工場で同僚が機械に挟まれ、父が救助にあたったと書かれていた。
救急隊が来るまで、父はずっと声をかけ続けたらしい。
父は、私との約束を忘れたのではなかった。
帰れなかったのだ。
そして、言い訳をしなかった。
「人を助けていた」
そう言えば、私は父を責められなかったかもしれない。
でも父は、それを言わなかった。
小学生の私に、血や事故の話を聞かせたくなかったのか。
自分を立派に見せたくなかったのか。
それとも、どんな理由があっても、約束を破ったことに変わりはないと思ったのか。
父はただ、
「記憶違いだった」
という情けない言葉を選んだ。
自分だけが悪者になるために。
私は畳の上に座り込んだ。
古い切符を握ると、紙の角が指に食い込んだ。
父は、ずっと持っていた。
私が捨てたつもりの約束を、父だけが拾い続けていた。
記憶が薄れていく最後の日々にも、あの踏切まで歩いていた。
駅へ行こうとしていたのだ。
私に返そうとしていたのだ。
遅すぎた切符を。
落とし物タグのついた封筒を胸に入れたまま、私は翌朝、踏切へ行った。
始発から少し経った時間だった。
商店街のシャッターはまだ半分閉まっていて、豆腐屋の白い湯気だけが路地に出ていた。
遮断機が上がる。
レールの上に、朝の光が細く落ちていた。
私は踏切の前に立ち、父に話しかけた。
「父さん」
声が震えた。
「俺のほうこそ、記憶違いしてたよ」
遠くから電車が近づいてきた。
風が先に来て、線路脇の草を揺らした。
「忘れられてたと思ってた」
警報音が鳴り出した。
赤い光が交互に点滅する。
「でも、違ったんだな」
電車が通り過ぎた。
窓に一瞬、駅員の制服を着た私が映った。
父に似た、疲れた顔だった。
私は泣きながら、少しだけ笑った。
踏切が静かになってから、私は封筒の落とし物タグを外した。
番号も、日付も、場所も、もういらなかった。
これはもう落とし物ではない。
持ち主は、見つかったのだ。
その日から、私は駅の落とし物を少し丁寧に扱うようになった。
片方だけの手袋。
古い傘。
名前の消えかけた学生証。
子どもの小さな靴。
誰かにとっては、ただの物ではないかもしれない。
言えなかった謝罪かもしれない。
渡せなかった約束かもしれない。
取り戻すのを、長いあいだ待っている記憶かもしれない。
夕方、駅の改札近くで、小さな男の子が泣いていた。
切符を握りしめたまま、母親とはぐれたらしい。
私はしゃがんで、目線を合わせた。
「大丈夫。
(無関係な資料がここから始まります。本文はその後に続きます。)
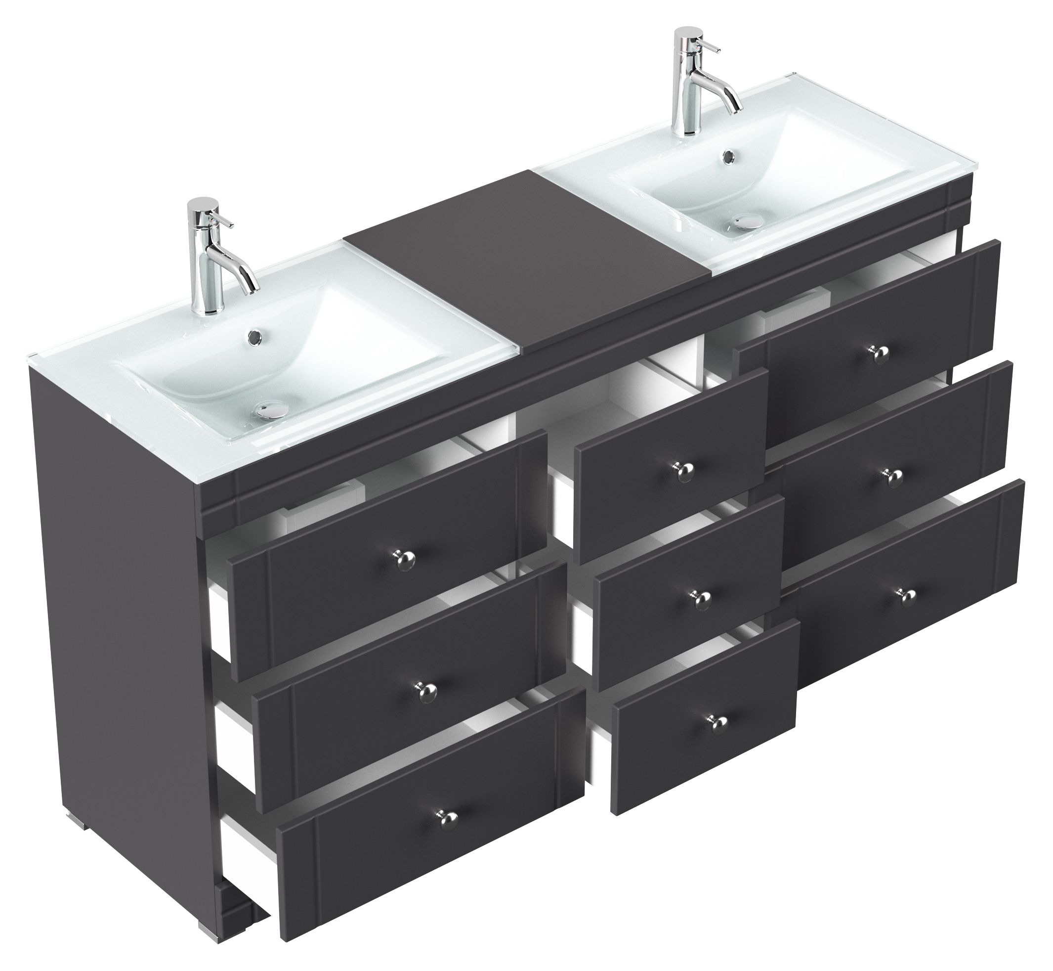 Stand Doppel Badmöbel Vitro Klassik inkl. Glasbecken schwarz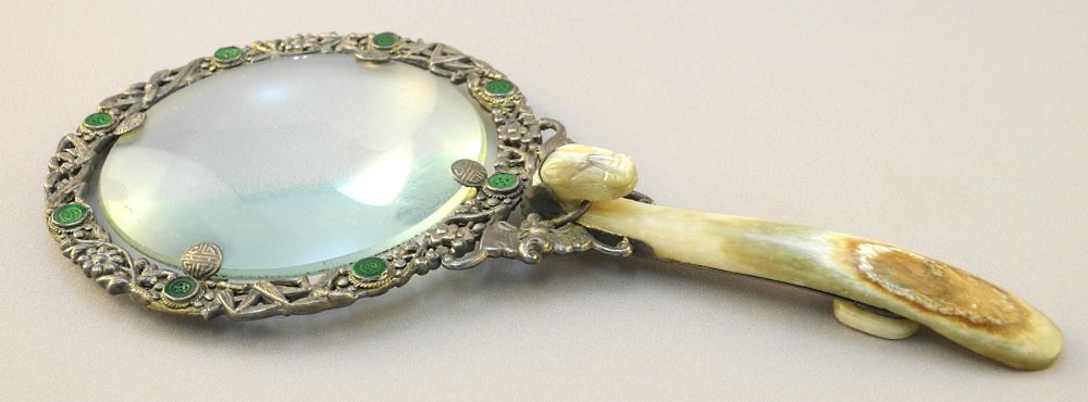LOT 217 Chinese Jade Handle and Silver Alloy Magnifying Glass Inlaid with Jade, 7 1/2" L. Estimate: $425 - $600 Auction Date: Tuesday, February 13 2024 at 4:00 PM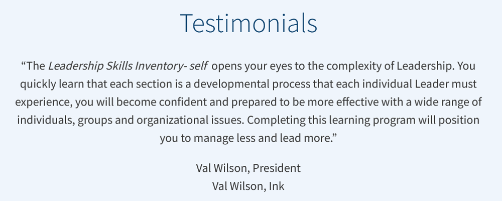Use the Self and Others versions of the Leadership Skills Inventory together for a 360° view of the leader’s skills. The information these tools provide will enhance the development of truly effective, motivating leaders.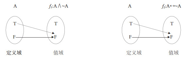 从这些定义不难看出,如果仅从语法方面的特征来讲,逻辑悖论可以分成两类:一类是在理论或系统中出现了A且~A(即A∧~A);另一类是出现了A↔~A。从逻辑联结词的涵义方面来讲,公式“A∧~A”和“A↔~A”确实揭示了不同的逻辑关系;但从真值联结词的角度来讲,两者表达的却是相同的真值函项。这可以简单地用映射关系图来表明——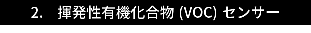 A. 揮発性有機化合物(VOC)は、特定の固体または液体からガスとして放出される物質です。身近なものでは、塗料やラッカー、漂白剤、ワックスなどの家庭用品、洗浄と消毒に使用する薬品、建築資材(合板やパーティクルボード)、家具、オフィス用品など幅広い製品から排出される可能性があります。人体に侵入すると、眼、鼻、および喉の炎症ならびに頭痛、失神、悪心などを引き起こす可能性があり、肝臓、腎臓、中枢神経系に損傷を与えたり癌や喘息の原因の一つともいわれています。
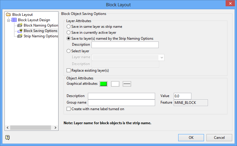 On the Open Pit menu, point to Pit Layout, then click Block Layout to display the following interface.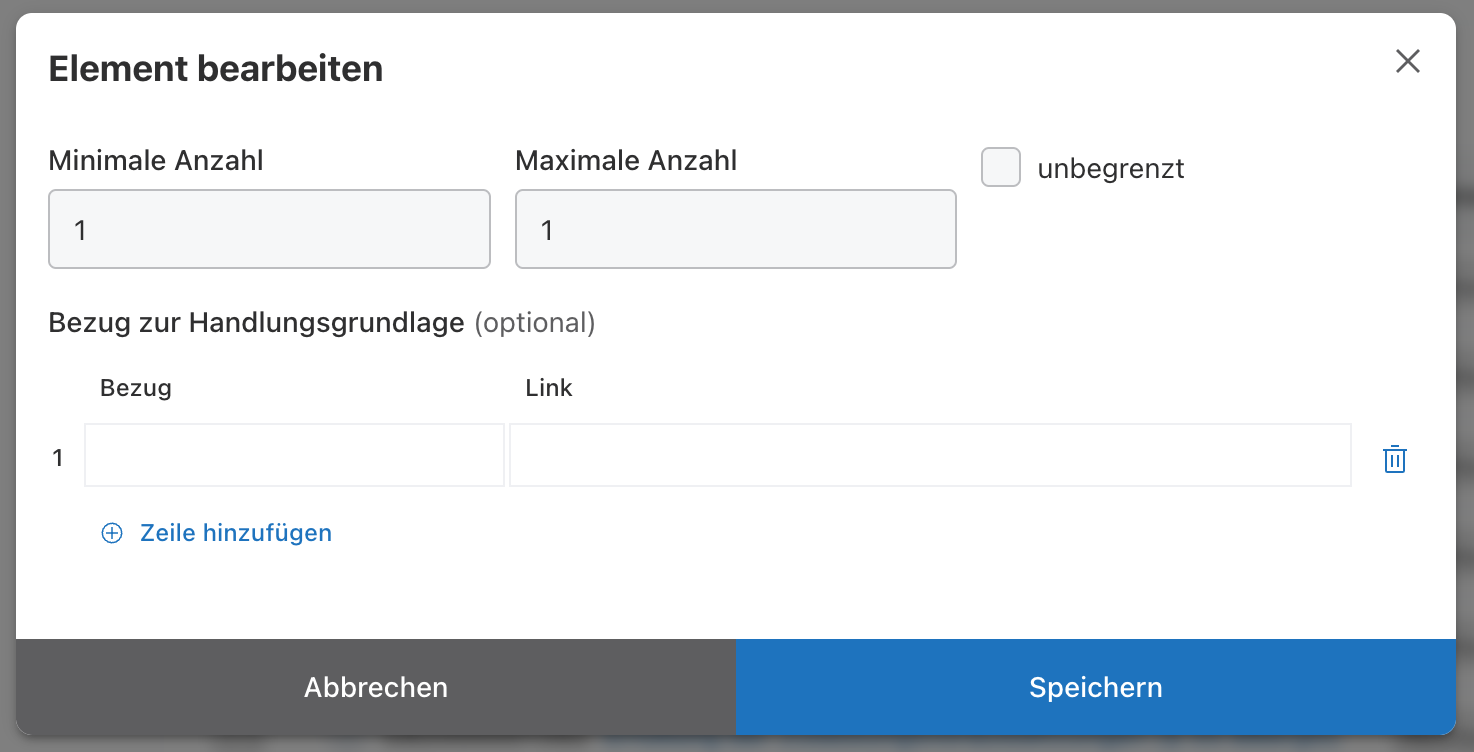 Als Unterelemente bezeichnet man alle Bausteine: Dokumentensteckbriefe, Datenschemata, Datenfeldgruppen, Datenfelder , die in der Struktur bzw. Hierarchie einem anderen Baustein untergeordnet sind.
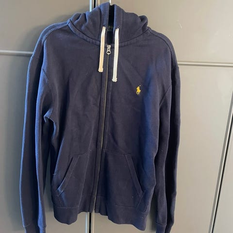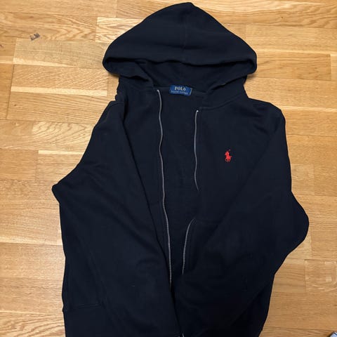 Ralph Lauren hettegenser for herre i størrelse M. Genseren er svart og laget i bomull. Modellen har glidelås i front, hette med snøring og to frontlommer. Klassisk Polo-logo er brodert på brystet. Passer til hverdagsbruk og som et lag over t-skjorte eller skjorte.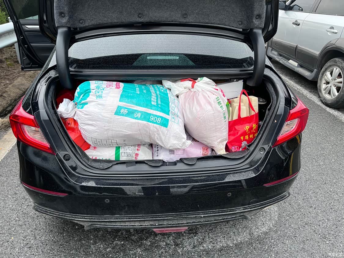 雅阁后备箱有573升的储存空间,像这次从家里出门赛了多少东西,你看看就知道啦。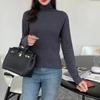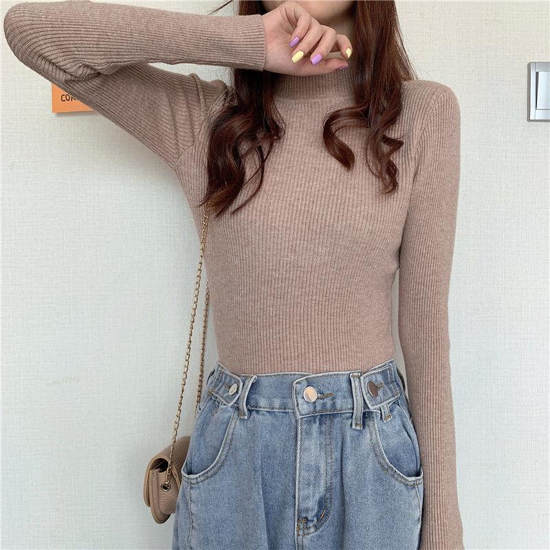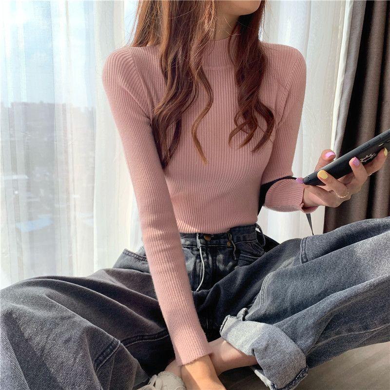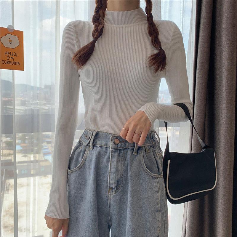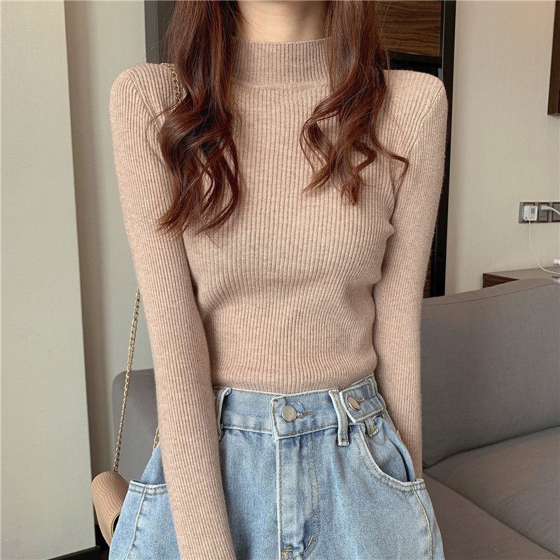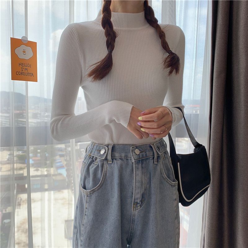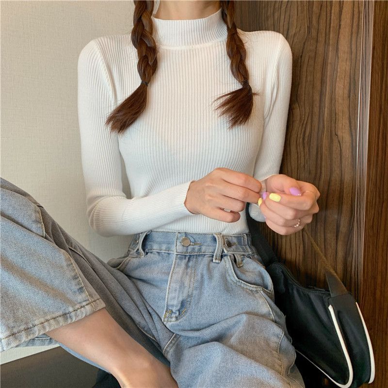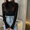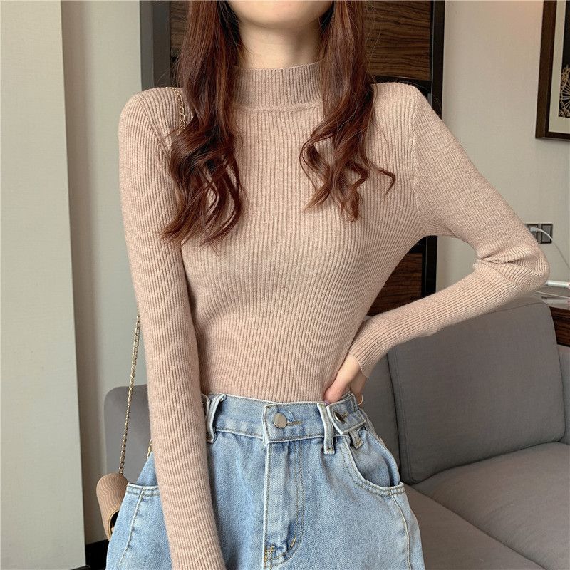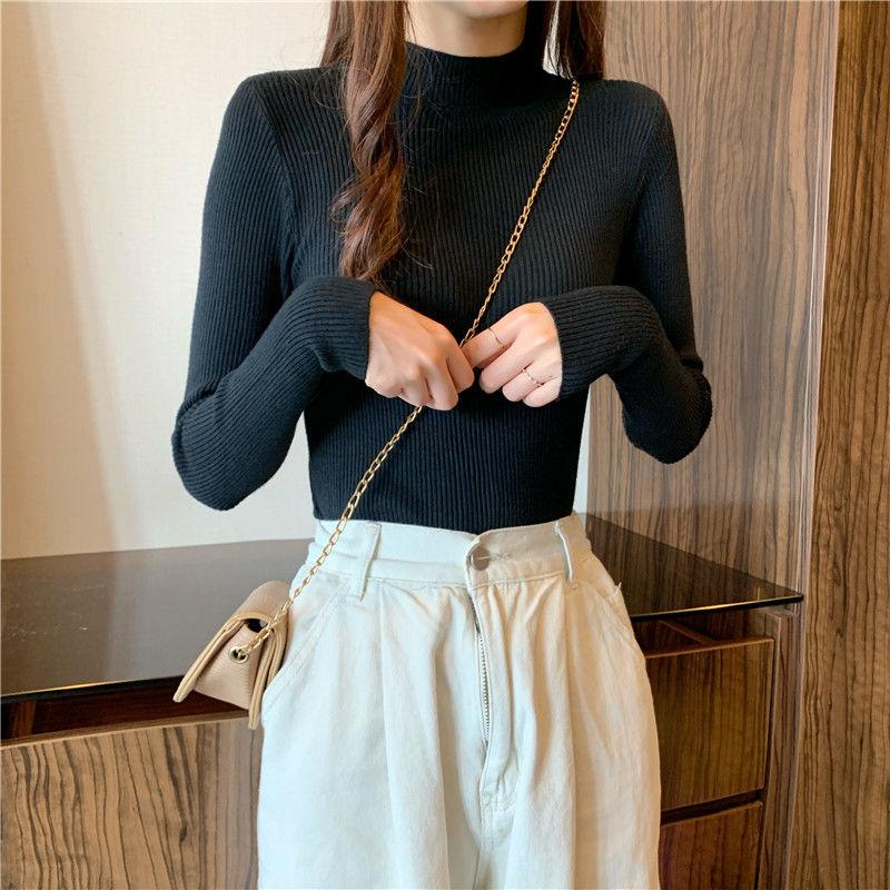 Camiseta básica de punto negro de cuello medio para mujer, nuevo estilo otoño e invierno 2022, suéter de cuello alto medio moderno y entallado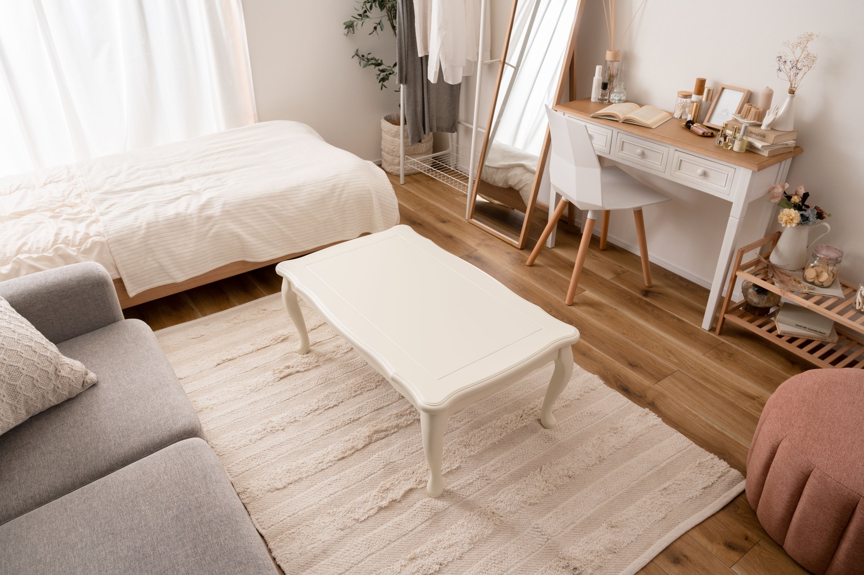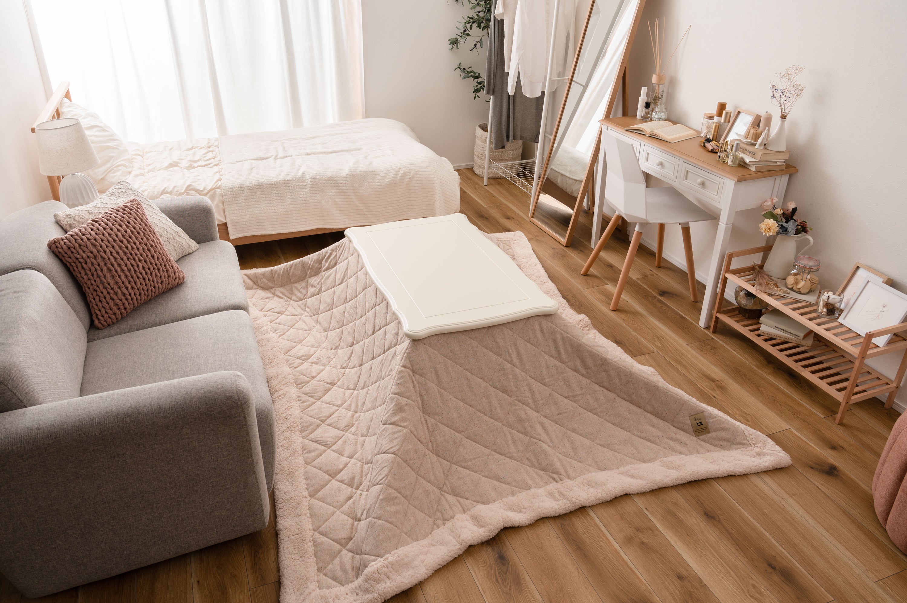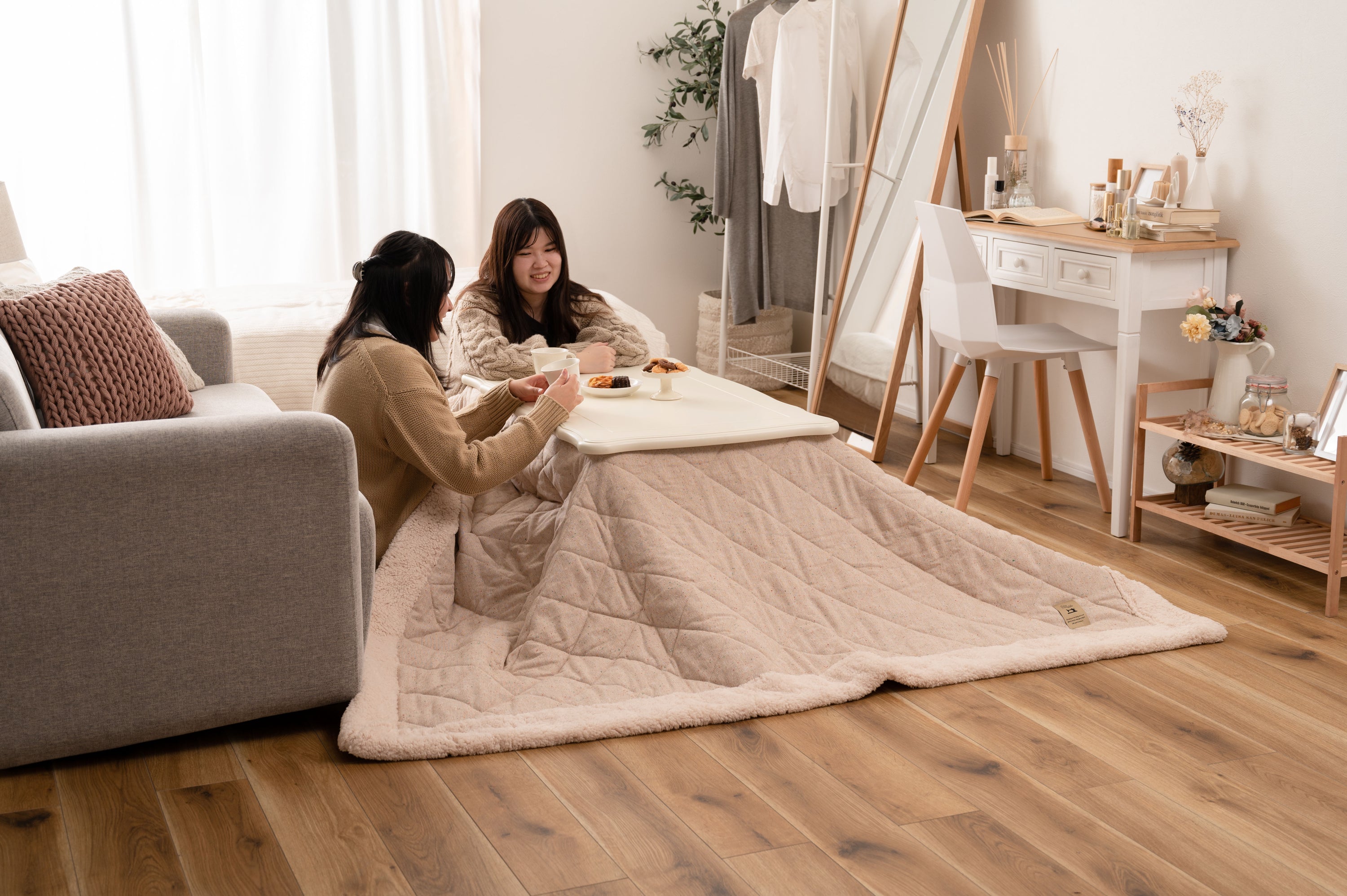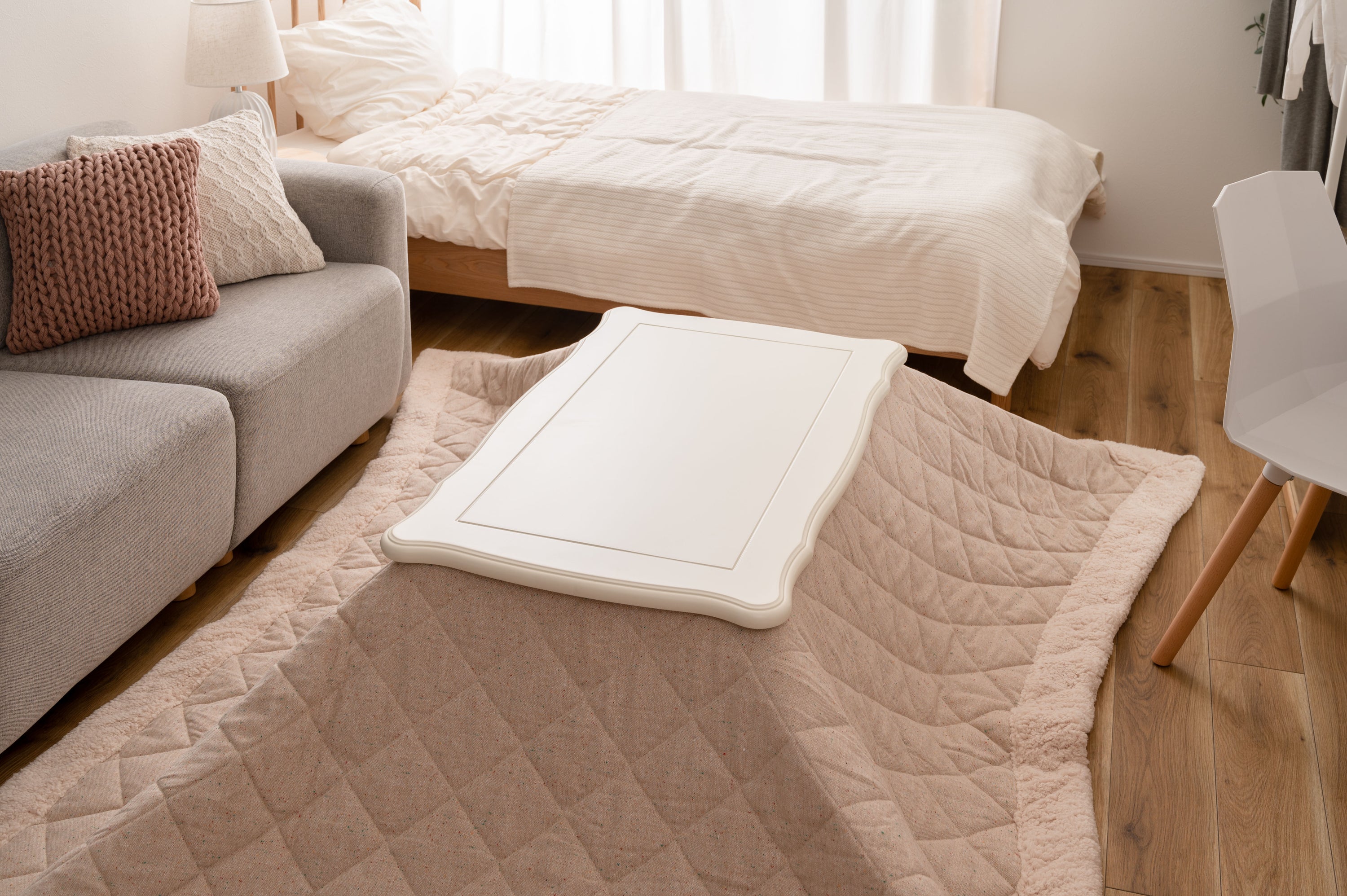 天板の装飾や猫脚のクラシカルなデザインはシーズンを選ばずお使い頂けます。ホワイトカラーと天板のデザインは、布団を掛けても元々のイメージはそのままに、クラシカルでガーリーな雰囲気を演出してくれます。天板や脚の細部にもこだわった猫脚コタツ。テーブルそのものとしてのデザイン性が高く、オフシーズンもインテリアに馴染みます。リビングテーブルに近いサイズなので圧迫感なく使えます。間取りにとらわれないコンパクト設計なので、TVボードを置いた空間でも窮屈さを感じさせず使えます。ヒーターは天板下の幕板にスッキリと納まる設計となっているので、コタツ感のないオールシーズン使えるテーブル。正方形:4面使えるちょうど良いサイズ。コンパクトでも対面使用が出来る正方形の定番サイズ。長方形:奥行をコンパクトにしたサイズ。オフシーズンでも使えるようリビングテーブルに近いサイズ。

ちゃんと待っていれば、迎えに来るよ」
男の子は涙をこぼしながら、うなずいた。
その声が、少し父に似ていることに気づいた。
昔なら嫌だったかもしれない。
けれど、その日は嫌ではなかった。
しばらくして、母親が駆け寄ってきた。
男の子は切符を握ったまま、母親に抱きついた。
私はその背中を見送りながら、胸ポケットの封筒にそっと触れた。
父さん。
次は、必ず一緒に行く。
その約束は、もう果たせない。
けれど、約束というものは、果たすためだけにあるのではないのかもしれない。
人が人を忘れないために。
間違えた記憶を、もう一度やさしく持ち直すために。
胸の中で鳴り続ける、小さな踏切の音。
それが、約束なのだと思う。
今でも私は、勤務明けにあの踏切を渡る。
電車が過ぎるのを待ちながら、古い切符のことを思う。
遮断機が上がると、私は心の中で父に言う。
行こうか、父さん。
今度は、ゆっくりでいいから。
そして私は、誰もいない朝の踏切を渡る。
父と並んで歩いているような、少しだけ不思議な歩幅で。